§ **Work to complete**
Every entry should be transcribed word for word, so that nothing is missing.

§ **Data for this exercise**
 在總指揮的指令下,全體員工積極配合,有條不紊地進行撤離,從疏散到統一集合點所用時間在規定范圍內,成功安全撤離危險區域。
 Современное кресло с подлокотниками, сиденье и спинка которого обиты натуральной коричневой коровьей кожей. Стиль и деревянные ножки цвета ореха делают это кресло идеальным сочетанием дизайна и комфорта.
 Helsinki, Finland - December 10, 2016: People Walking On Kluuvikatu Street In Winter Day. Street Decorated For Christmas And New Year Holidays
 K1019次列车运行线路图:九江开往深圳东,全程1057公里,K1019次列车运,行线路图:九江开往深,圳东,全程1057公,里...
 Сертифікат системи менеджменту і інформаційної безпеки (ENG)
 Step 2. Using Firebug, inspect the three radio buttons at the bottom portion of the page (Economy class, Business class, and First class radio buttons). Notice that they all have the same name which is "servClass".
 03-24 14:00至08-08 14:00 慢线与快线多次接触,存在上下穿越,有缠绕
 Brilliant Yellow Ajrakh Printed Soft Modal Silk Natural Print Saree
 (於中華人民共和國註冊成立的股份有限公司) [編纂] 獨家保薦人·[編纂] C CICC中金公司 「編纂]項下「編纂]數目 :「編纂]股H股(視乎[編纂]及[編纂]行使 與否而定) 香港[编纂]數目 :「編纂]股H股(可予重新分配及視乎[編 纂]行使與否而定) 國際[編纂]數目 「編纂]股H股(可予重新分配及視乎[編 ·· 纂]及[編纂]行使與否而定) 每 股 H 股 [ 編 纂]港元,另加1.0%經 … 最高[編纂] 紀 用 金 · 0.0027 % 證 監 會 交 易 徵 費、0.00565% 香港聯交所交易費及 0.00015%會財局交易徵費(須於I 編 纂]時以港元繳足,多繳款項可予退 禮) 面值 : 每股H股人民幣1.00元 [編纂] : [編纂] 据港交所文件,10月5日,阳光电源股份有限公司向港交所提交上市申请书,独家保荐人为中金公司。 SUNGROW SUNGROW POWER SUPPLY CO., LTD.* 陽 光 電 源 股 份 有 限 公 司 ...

§ **Response to this task**
 在總指揮的指令下,全體員工積極配合,有條不紊地進行撤離,從疏散到統一集合點所用時間在規定范圍內,成功安全撤離危險區域。
 Современное кресло с подлокотниками, сиденье и спинка которого обиты натуральной коричневой коровьей кожей. Стиль и деревянные ножки цвета ореха делают это кресло идеальным сочетанием дизайна и комфорта.
 Helsinki, Finland - December 10, 2016: People Walking On Kluuvikatu Street In Winter Day. Street Decorated For Christmas And New Year Holidays
 K1019次列车运行线路图:九江开往深圳东,全程1057公里,K1019次列车运,行线路图:九江开往深,圳东,全程1057公,里...
 Сертифікат системи менеджменту і інформаційної безпеки (ENG)
 Step 2. Using Firebug, inspect the three radio buttons at the bottom portion of the page (Economy class, Business class, and First class radio buttons). Notice that they all have the same name which is "servClass".
 03-24 14:00至08-08 14:00 慢线与快线多次接触,存在上下穿越,有缠绕
 Brilliant Yellow Ajrakh Printed Soft Modal Silk Natural Print Saree
 (於中華人民共和國註冊成立的股份有限公司) [編纂] 獨家保薦人·[編纂] C CICC中金公司 「編纂]項下「編纂]數目 :「編纂]股H股(視乎[編纂]及[編纂]行使 與否而定) 香港[编纂]數目 :「編纂]股H股(可予重新分配及視乎[編 纂]行使與否而定) 國際[編纂]數目 「編纂]股H股(可予重新分配及視乎[編 ·· 纂]及[編纂]行使與否而定) 每 股 H 股 [ 編 纂]港元,另加1.0%經 … 最高[編纂] 紀 用 金 · 0.0027 % 證 監 會 交 易 徵 費、0.00565% 香港聯交所交易費及 0.00015%會財局交易徵費(須於I 編 纂]時以港元繳足,多繳款項可予退 禮) 面值 : 每股H股人民幣1.00元 [編纂] : [編纂] 据港交所文件,10月5日,阳光电源股份有限公司向港交所提交上市申请书,独家保荐人为中金公司。 SUNGROW SUNGROW POWER SUPPLY CO., LTD.* 陽 光 電 源 股 份 有 限 公 司 ...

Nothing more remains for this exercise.